We next sought to determine how decision variables are encoded in the brain. We used representational similarity analysis (RSA) to identify regions where activity patterns aligned with the task structure during the decision-making phase of the task, during which subjects were aware of available options but could not yet make a motor response. Critically, RSA allowed us to identify multivariate representations of key decision variables, rather than assessing changes in single-voxel activity levels as in traditional univariate analyses, through identifying regions where neural similarity across conditions aligns with similarity in the properties of the task being performed. While univariate analyses could only determine whether socially adjusted value is associated with activity in each region, RSA allows us to determine whether the multivariate representation of socially adjusted value in a region is consistent across different conditions. We computed representational dissimilarity matrices (RDMs) for BOLD responses to each trial and used linear regression to predict the observed pattern of neural similarity from RDMs for task conditions (Figure 2D). First, we computed task RDMs based socially adjusted value (as determined using our behavioral model) in the current patch (the patch selected on the previous trial) and the alternative. Second, we computed RDMs representing the socially adjusted value of the current and alternative patch. We also included RDMs representing the difference in competitors and socially adjusted value between patches and included an RDM representing the effect of threat.
We used a searchlight approach, performing the RSA analysis in within 6mm spheres across the brain to localize regions encoding task-relevant representations. This identified a distributed network of regions encoding the socially adjusted value of the alternative patch during decision-making, including the MCC, posterior cingulate cortex (PCC), medial prefrontal cortex (mPFC), and orbitofrontal cortex (OFC) (voxel ps < .05, threshold-free cluster correction, Figure 2E). The socially adjusted value of the current patch was also represented in these regions, but was additionally represented in the premotor cortex, hippocampus, and anterior insular cortex (voxel ps < .05, threshold-free cluster correction, Figure 2E). Importantly, our analysis approach isolated unique effects of each task RDM, controlling for effects of other task RDMs. In contrast, the number of competitors in the alternative patch was only represented in the left pre-supplementary motor area (voxel ps < .05, threshold-free cluster correction), and no area represented the number of competitors in the current patch. Notably, we found no region encoding the difference between patches, either in terms of number of competitors or socially adjusted value. Threat level (i.e. safe or at risk of predation) was encoded in a wide range of cortical and subcortical regions (see Figure S3), including the MCC, vmPFC, hippocampus and amygdala.
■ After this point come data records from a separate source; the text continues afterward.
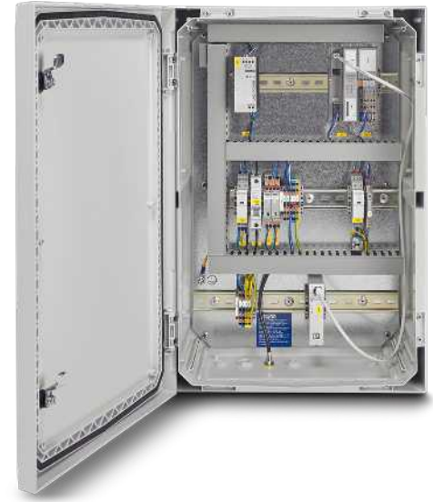
Weather station for the continuous recording of all weather data

The weather station from Phoenix Contact keeps you informed at all times regarding the efficiency of your photovoltaic system. Thanks to our extensive portfolio of sensors, we provide you with weather stations tailored to your needs. The preconfigured sensors are immediately available to transmit weather data.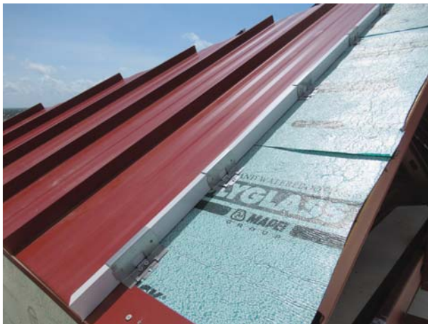
[Empty box for caption]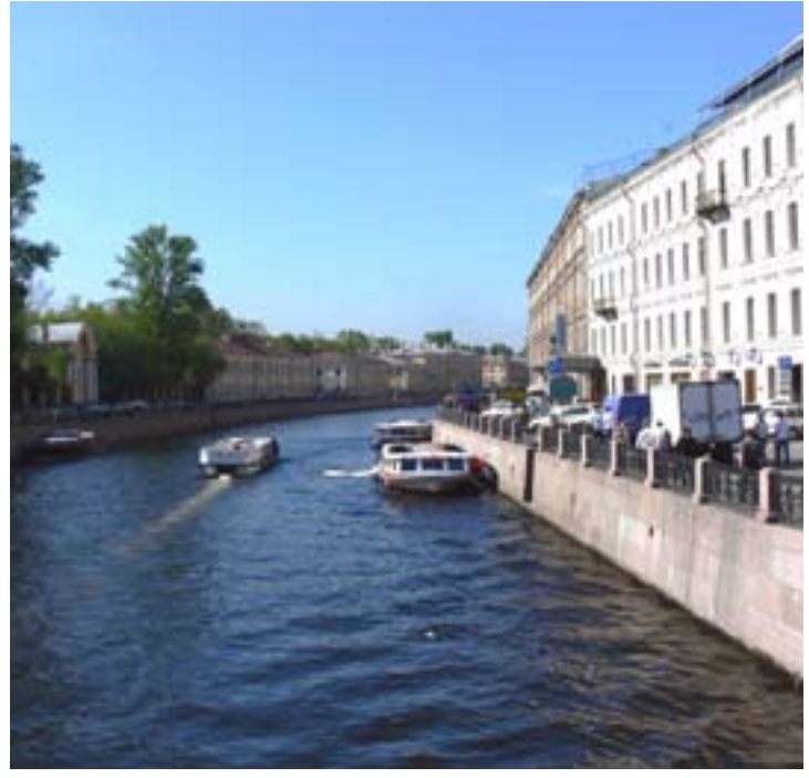
The Moskva River.

Founded in 1661, Irkustk was the main Russian fort behind the Ural mountains from which the Russians hoped to colonise Siberia. From this time, Siberia was used as a penal colony and a place of exile for political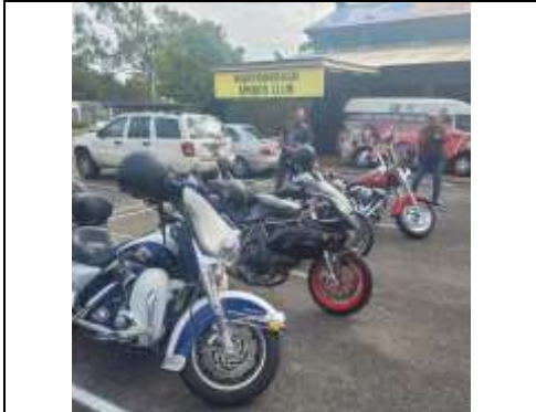
Out and about – 16 th April 2022 #4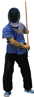
2 Parry against Latéral extérieur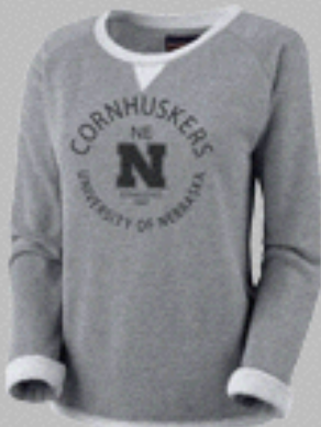
Style: T47 - Beehive Crew Color: Graphite

You can also see the Husker Gear on our FVH website!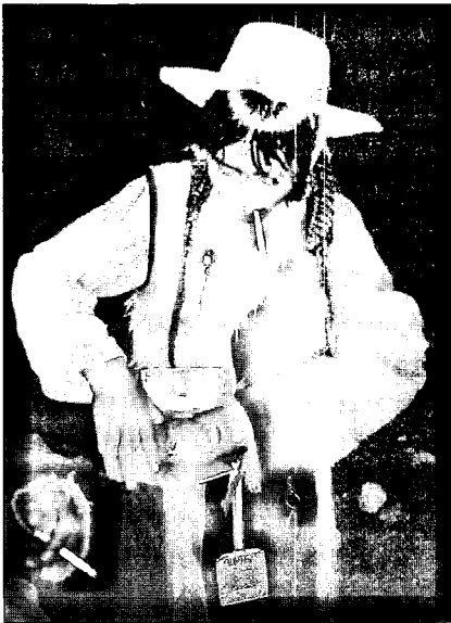
Photo 6: A young Tibetan boy on his way around Kailas in traditional clothing.

(called Gogra in the plains), is called “Magcha Khambab” (Mag.byā Kha-hbab) — flows out of peacock’s mouth . These animals are symbols of the four Dhyāni Buddhas and the names of the rivers show that they are considered to be parts of the universal maṇḍala with Kailas as its center (Govinda 1984:199-200).

Our results demonstrate that humans adaptively select social environments based on their socially adjusted value, using a competition-avoidant strategy when threat is absent and switching to a risk-diluting strategy in the presence of threat. Importantly, the key variable underpinning this decision, the socially adjusted value of a foraging patch, was encoded in a network focused on the MCC and vmPFC, suggesting that these regions integrate information about social density and threat to calculate the overall socially adjusted value of both the current patch and an alternative. Our results identify distributed neural systems representing key decision variables underlying adaptative foraging in response to competition and threat.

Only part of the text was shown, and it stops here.